After Antiochus VII's death in 129 BCE, internal conflicts within the Seleucid Empire allowed Hyrcanus to act independently. He stopped paying tribute and began expanding Judea's territory. First, he captured the town of Medaba in Moab, followed by Samoga, which seems to have been located in the same area. He then turned to the region of Samaria, capturing Shechem and Mount Gerizim, where he destroyed the Samaritan temple—archaeological evidence supports this event around 112 BCE. Hyrcanus next conquered Idumaea, capturing the towns of Maresha and Adoraim, annexing the region, and requiring the Idumaean population to adopt Judaism. While it remains debated whether this conversion was enforced or undertaken voluntarily, it appears to have been effective, as the Idumaeans subsequently became integrated into the Jewish people.

Hyrcanus then besieged the city of Samaria, a Macedonian colony, and assigned the operation to his sons Aristobulus and Antigonus. Josephus claims that this was in retaliation for an attack by the people of Samaria on the Mariseans (the people of Maresha), though this explanation is doubtful given the distance between the two locations. (Note: Bezalel Bar-Kochva, following an emendation proposed by Michael Avi-Yonah, argues that Josephus's reference to the Mariseans is a textual corruption of "Gariseans", referring to the inhabitants of Gerasa (modern Jurish), southeast of Shechem. He identifies the settlement as a Jewish bridgehead established on the eastern flank of the Samarian highlands during Hasmonean expansion. On this interpretation, attacks by the Samaritans on Gerasa provided Hyrcanus with a casus belli for the siege.) More likely, John Hyrcanus aimed to eliminate a major Seleucid stronghold. After a year-long siege, Samaria fell around 108 BCE despite assistance sent by Antiochus VIII or IX and Ptolemaic allies. With its capture, Hyrcanus extended Judea's control north to Scythopolis and west to Mount Carmel, securing dominance over the country's center. Archaeological surveys suggest that the Eastern Galilee was likewise brought under Hasmonean control by Hyrcanus, likely in the final years of his reign. Archaeological evidence indicates that, following its conquest, the then-sparsely populated area became Jewish largely through immigration from Judea rather than through conversion of the local inhabitants.

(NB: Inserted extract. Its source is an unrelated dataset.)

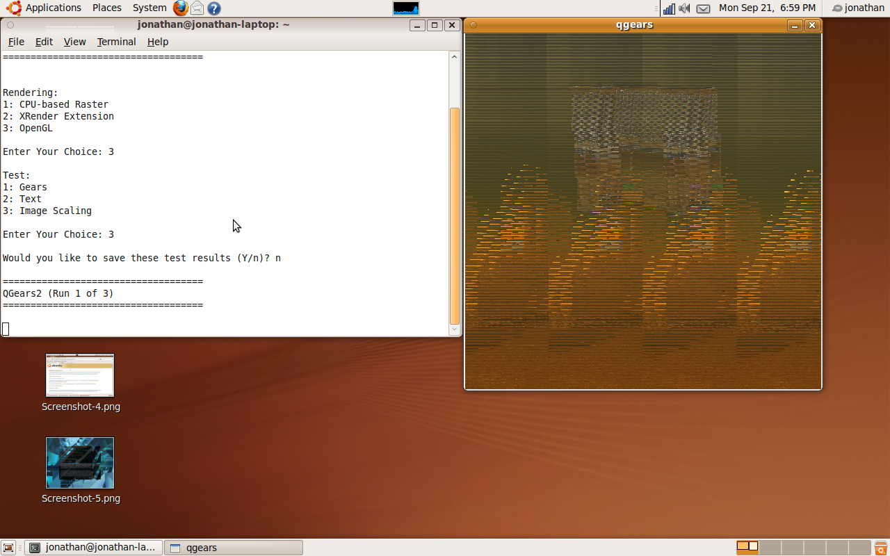 Forwarding a bug from ubuntu user Jonathan Wheare: https://bugs.launchpad.net/ubuntu/+source/xserver-xorg-video-intel/+bug/433974 [Problem] Corrupt textures while running "qgears2" within phoronix test suite when running in opengl mode [Original report] Release: Ubuntu karmic (development branch) x86_64 package installed: 2:2.8.1-1ubuntu1 - xserver-xorg-video-5 issue: Corrupt textures while running "qgears2" within phoronix test suite when running in opengl mode. demo runs normally in xrender and software rendering modes. this test runs normally on my Nvidia based desktop also running karmic. steps to reproduce: 1.Install phoronix-test-suite 2.phoronix-test-suite benchmark qgears2 3.pick option 3. opengl 4.pick option 3. image scaling Architecture: amd64 DistroRelease: Ubuntu 9.10 MachineType: Acer Aspire 5720Z Package: xserver-xorg-video-intel 2:2.8.1-1ubuntu1 PackageArchitecture: amd64 ProcCmdLine: BOOT_IMAGE=/boot/vmlinuz-2.6.31-10-generic root=UUID=68a3128f-f61f-4994-9314-d717846b87f4 ro quiet splash ProcEnviron: SHELL=/bin/bash LANG=en_AU.UTF-8 ProcVersionSignature: Ubuntu 2.6.31-10.34-generic RelatedPackageVersions: xserver-xorg 1:7.4+3ubuntu5 libgl1-mesa-glx 7.6.0~git20090817.7c422387-0ubuntu5 libdrm2 2.4.13-1ubuntu1 xserver-xorg-video-intel 2:2.8.1-1ubuntu1 xserver-xorg-video-ati 1:6.12.99+git20090825.fc74e119-0ubuntu1 Uname: Linux 2.6.31-10-generic x86_64 UserGroups: adm admin cdrom dialout lpadmin plugdev sambashare XorgConf: Error: [Errno 2] No such file or directory: '/etc/X11/xorg.conf' dmi.bios.date: 08/09/2007 dmi.bios.vendor: Acer dmi.bios.version: V1.14 dmi.board.asset.tag: Base Board Asset Tag dmi.board.name: Nettiling dmi.board.vendor: Acer dmi.board.version: V1.14 dmi.chassis.type: 1 dmi.chassis.vendor: Acer dmi.chassis.version: V1.14 dmi.modalias: dmi:bvnAcer:bvrV1.14:bd08/09/2007:svnAcer:pnAspire5720Z:pvrV1.14:rvnAcer:rnNettiling:rvrV1.14:cvnAcer:ct1:cvrV1.14: dmi.product.name: Aspire 5720Z dmi.product.version: V1.14 dmi.sys.vendor: Acer fglrx: Not loaded system: distro: Ubuntu architecture: x86_64kernel: 2.6.31-10-generic

John Hyrcanus enjoyed great admiration among his Jewish subjects. According to Josephus, God had granted him three exceptional gifts: rule over the nation, the high priesthood, and prophecy. A story found both in Josephus and in the Talmud relates that when his sons defeated the Seleucids in battle, he heard a heavenly voice announcing their victory. Josephus and Rabbinic sources indicate that John Hyrcanus was a popular ruler. The Mishnah refers to him as Yohanan ha-Kohen ("John the Priest") and attributes specific halakhic rulings to him, such as removing the declarations of the tithes and abolishing the "awakeners" and "knockers". Josephus records an account of a banquet conflict where a Pharisee demanded Hyrcanus lay aside the high priesthood because his mother had supposedly been taken captive under Antiochus Epiphanes. According to this account, the ruler subsequently rejected the Oral Law, became a Sadducee, and persecuted the Pharisees. However, a parallel account in the Babylonian Talmud attributes this confrontation and the subsequent consequences to Alexander Jannaeus. Although scholars traditionally assumed Josephus' version correct on chronological grounds, Markham J. Geller argues that the Talmudic version is the more original account, and that Josephus or his source erroneously implicated Hyrcanus in the rift instead of Jannaeus.

=== Judah Aristobolus (104–103 BCE) ===

After John Hyrcanus's death, his son Judah Aristobulus came to power. According to Josephus, he was the first of the Hasmonean line to assume the royal title. In contrast, the Greek historian and geographer Strabo, writing in the age of Augustus, attributes this act to Alexander Jannaeus—a view supported by Jannaeus's coins, which are the first to bear the title "king," while Judah's own coins refer to him only as high priest. However, Strabo may have been mistaken, given the limited information available about Judah's brief reign. Josephus reports that Aristobulus imprisoned his mother and brothers, killing one of them, Antigonus, amid court intrigue that may have contributed to his early death. Josephus wrote that under Aristobolus, the Itureans, an Arab tribe centered in southern Lebanon, were forced to convert to Judaism. However, this claim is disputed, as no corroborating sources or archaeological evidence confirm such a conversion. (Note: Some earlier scholars accepted Josephus’s report that Aristobulus converted the Itureans either as historical fact (e.g., Emil Schürer) or as a process of voluntary Judaization (e.g., Aryeh Kasher and Ariel Rappaport). However, as archaeologist Uzi Leibner notes, recent archaeological work identifies Iturean material culture in the Beqaa Valley, the northern Golan, and Mount Hermon (not in the Upper or Lower Galilee) and indicates that this region lay outside Hasmonean borders and remained Iturean-pagan; there is also evidence for Hasmonean control east of the Sea of Galilee before Aristobulus. Accordingly, many scholars now regard Josephus's report as unreliable.) Aristobulus's reign was brief; he died after only one year on the throne.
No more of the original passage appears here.